Source data
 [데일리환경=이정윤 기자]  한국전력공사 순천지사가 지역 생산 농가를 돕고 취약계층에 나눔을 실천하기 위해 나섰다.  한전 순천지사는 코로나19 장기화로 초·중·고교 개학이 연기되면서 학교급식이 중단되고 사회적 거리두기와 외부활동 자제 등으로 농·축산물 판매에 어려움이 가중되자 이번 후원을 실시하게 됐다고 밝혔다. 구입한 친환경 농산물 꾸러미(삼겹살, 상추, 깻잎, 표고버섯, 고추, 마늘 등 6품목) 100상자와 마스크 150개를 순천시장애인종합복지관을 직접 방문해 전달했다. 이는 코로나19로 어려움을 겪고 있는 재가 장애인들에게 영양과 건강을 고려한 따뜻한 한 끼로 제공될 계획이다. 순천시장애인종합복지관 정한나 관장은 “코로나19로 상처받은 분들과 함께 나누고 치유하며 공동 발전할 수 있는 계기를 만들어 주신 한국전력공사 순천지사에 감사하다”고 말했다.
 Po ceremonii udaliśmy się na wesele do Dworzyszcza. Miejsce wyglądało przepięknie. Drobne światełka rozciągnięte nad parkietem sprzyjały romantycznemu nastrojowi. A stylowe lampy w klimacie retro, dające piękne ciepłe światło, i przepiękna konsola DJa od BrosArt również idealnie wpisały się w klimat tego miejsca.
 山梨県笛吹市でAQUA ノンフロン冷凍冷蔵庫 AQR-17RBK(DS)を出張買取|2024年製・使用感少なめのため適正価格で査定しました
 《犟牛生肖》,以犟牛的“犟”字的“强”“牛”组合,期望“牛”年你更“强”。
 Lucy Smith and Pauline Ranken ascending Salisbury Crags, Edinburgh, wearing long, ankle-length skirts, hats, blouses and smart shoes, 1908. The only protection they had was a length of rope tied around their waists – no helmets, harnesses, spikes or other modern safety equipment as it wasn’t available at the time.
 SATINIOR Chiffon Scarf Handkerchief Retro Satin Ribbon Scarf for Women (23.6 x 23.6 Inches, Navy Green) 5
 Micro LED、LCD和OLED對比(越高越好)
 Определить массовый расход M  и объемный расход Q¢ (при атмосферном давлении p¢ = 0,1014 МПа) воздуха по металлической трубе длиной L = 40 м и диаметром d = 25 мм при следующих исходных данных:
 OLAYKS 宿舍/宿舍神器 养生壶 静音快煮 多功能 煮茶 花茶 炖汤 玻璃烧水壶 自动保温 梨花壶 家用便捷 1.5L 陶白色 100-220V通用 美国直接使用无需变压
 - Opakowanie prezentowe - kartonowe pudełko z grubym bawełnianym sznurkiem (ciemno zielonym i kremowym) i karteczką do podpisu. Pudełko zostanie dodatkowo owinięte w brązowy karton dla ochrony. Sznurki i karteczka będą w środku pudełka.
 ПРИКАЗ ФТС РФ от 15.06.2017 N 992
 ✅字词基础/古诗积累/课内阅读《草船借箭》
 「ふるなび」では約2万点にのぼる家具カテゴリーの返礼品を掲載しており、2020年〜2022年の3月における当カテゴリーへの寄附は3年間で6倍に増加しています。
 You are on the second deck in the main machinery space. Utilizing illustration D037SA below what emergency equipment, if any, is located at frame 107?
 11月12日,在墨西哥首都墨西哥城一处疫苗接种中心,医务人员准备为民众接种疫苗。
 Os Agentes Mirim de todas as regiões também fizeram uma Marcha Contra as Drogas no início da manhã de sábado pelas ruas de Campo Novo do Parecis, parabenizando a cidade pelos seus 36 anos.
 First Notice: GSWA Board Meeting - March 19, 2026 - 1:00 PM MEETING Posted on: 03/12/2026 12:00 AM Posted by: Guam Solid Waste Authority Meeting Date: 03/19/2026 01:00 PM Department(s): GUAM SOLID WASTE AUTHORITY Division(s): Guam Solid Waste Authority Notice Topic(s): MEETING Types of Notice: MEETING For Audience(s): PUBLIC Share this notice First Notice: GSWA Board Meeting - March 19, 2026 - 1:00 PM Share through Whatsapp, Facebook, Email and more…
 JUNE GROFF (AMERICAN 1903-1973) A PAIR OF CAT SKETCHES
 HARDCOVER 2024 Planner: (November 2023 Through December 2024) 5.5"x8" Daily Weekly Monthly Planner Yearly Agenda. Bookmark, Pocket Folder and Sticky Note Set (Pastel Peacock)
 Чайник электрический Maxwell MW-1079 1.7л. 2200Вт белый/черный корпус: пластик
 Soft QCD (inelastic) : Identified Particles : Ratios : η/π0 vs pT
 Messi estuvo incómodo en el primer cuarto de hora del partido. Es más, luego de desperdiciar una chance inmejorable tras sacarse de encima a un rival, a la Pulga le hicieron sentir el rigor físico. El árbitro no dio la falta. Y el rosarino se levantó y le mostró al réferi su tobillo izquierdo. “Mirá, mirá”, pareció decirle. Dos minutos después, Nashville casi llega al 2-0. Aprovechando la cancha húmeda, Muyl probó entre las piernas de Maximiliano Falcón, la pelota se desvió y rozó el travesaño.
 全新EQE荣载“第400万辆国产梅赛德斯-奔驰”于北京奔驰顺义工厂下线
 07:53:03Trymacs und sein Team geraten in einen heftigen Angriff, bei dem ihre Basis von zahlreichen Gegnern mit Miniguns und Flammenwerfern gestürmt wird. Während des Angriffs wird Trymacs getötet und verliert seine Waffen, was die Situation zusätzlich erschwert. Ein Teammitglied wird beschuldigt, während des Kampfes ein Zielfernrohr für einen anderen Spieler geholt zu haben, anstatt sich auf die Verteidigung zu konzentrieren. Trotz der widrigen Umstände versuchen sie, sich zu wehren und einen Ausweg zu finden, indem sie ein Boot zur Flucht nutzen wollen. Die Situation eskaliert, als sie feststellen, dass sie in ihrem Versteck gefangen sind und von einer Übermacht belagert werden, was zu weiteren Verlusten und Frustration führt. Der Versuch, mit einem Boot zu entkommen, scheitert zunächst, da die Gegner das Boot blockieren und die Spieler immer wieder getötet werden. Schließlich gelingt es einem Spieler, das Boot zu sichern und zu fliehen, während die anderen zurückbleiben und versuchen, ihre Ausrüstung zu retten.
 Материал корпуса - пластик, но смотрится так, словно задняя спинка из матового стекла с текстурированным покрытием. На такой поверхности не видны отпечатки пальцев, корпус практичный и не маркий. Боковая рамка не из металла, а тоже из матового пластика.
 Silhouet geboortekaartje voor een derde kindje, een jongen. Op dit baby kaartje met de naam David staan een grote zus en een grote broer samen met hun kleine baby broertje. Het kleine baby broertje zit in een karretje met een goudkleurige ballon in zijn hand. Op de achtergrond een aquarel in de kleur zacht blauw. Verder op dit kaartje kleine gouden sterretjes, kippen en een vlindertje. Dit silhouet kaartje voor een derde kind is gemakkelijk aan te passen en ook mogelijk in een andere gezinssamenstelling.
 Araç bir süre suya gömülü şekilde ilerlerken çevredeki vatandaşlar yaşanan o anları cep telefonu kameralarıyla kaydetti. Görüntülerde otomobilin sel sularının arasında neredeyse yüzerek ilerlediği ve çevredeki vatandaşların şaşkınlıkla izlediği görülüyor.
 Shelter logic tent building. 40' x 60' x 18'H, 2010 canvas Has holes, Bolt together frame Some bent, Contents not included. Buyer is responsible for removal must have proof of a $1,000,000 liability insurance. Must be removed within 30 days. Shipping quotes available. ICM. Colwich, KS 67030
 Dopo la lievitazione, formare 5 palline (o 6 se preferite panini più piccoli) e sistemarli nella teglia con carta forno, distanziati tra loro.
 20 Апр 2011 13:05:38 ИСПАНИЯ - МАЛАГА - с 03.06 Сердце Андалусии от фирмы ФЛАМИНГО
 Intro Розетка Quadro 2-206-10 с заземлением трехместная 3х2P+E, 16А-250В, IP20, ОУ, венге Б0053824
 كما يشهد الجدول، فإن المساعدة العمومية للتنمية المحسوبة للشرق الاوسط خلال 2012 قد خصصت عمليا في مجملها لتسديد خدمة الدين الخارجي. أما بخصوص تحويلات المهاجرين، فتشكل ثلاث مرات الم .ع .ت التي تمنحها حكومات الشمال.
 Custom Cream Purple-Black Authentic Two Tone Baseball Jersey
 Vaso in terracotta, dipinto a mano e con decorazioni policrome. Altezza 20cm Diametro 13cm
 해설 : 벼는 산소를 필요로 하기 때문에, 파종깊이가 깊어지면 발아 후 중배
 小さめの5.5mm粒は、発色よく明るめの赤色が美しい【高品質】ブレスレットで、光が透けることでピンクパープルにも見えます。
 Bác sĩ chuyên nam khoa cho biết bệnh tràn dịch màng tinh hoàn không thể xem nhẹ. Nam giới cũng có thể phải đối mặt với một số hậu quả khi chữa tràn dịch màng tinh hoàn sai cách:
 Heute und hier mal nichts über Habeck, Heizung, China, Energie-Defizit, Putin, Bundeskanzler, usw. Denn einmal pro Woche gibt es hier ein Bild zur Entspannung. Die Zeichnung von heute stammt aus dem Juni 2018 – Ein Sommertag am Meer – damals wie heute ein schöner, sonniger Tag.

Assigned task
The lines above, starting at the one with "Po ceremonii udaliśmy" and ending at the one with "Lucy Smith and", are the only ones to return, exactly as written.

Solved exercise
 Po ceremonii udaliśmy się na wesele do Dworzyszcza. Miejsce wyglądało przepięknie. Drobne światełka rozciągnięte nad parkietem sprzyjały romantycznemu nastrojowi. A stylowe lampy w klimacie retro, dające piękne ciepłe światło, i przepiękna konsola DJa od BrosArt również idealnie wpisały się w klimat tego miejsca.
 山梨県笛吹市でAQUA ノンフロン冷凍冷蔵庫 AQR-17RBK(DS)を出張買取|2024年製・使用感少なめのため適正価格で査定しました
 《犟牛生肖》,以犟牛的“犟”字的“强”“牛”组合,期望“牛”年你更“强”。
 Lucy Smith and Pauline Ranken ascending Salisbury Crags, Edinburgh, wearing long, ankle-length skirts, hats, blouses and smart shoes, 1908. The only protection they had was a length of rope tied around their waists – no helmets, harnesses, spikes or other modern safety equipment as it wasn’t available at the time.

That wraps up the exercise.